**Source records**
Segment Open
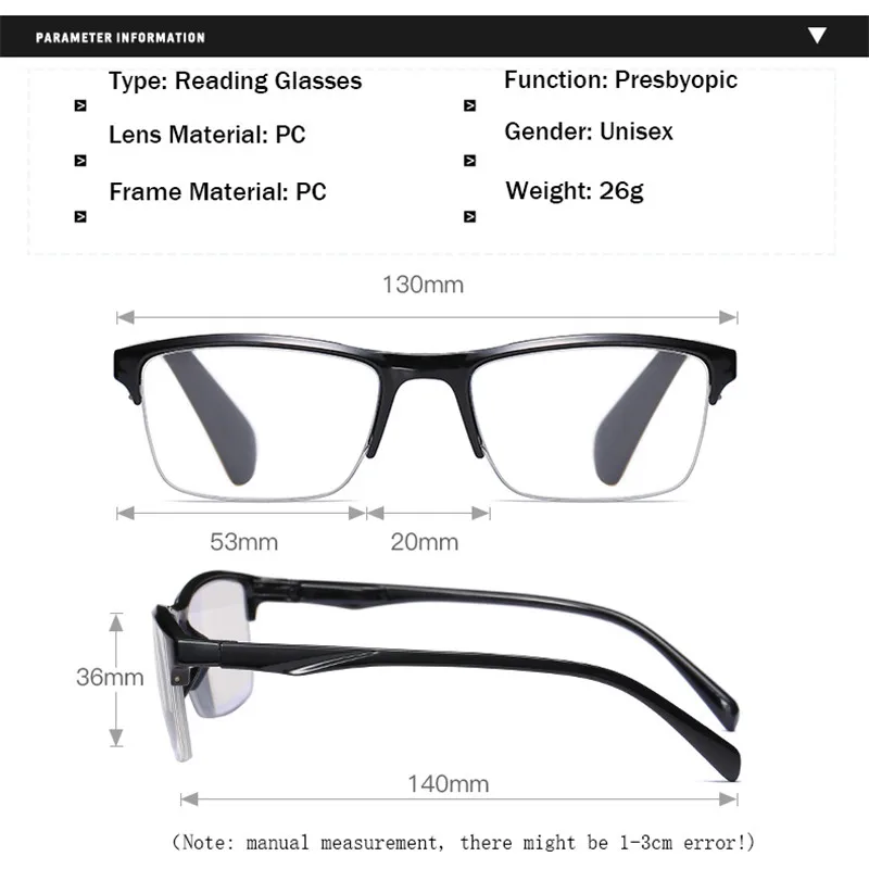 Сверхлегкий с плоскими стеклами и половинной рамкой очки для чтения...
Segment Closed
Segment Open
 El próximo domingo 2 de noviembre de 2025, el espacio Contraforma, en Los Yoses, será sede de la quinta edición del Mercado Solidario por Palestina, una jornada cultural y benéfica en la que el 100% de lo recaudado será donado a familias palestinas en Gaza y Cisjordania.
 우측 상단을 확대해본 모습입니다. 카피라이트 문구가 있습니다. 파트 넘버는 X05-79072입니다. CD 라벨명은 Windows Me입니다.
Segment Closed
**Task details**
Look above for the line with "El próximo domingo" and the line with "우측 상단을 확대해본"; transcribe both and all lines in between, exactly, and nothing else.

**Answer to the problem**
 El próximo domingo 2 de noviembre de 2025, el espacio Contraforma, en Los Yoses, será sede de la quinta edición del Mercado Solidario por Palestina, una jornada cultural y benéfica en la que el 100% de lo recaudado será donado a familias palestinas en Gaza y Cisjordania.
 우측 상단을 확대해본 모습입니다. 카피라이트 문구가 있습니다. 파트 넘버는 X05-79072입니다. CD 라벨명은 Windows Me입니다.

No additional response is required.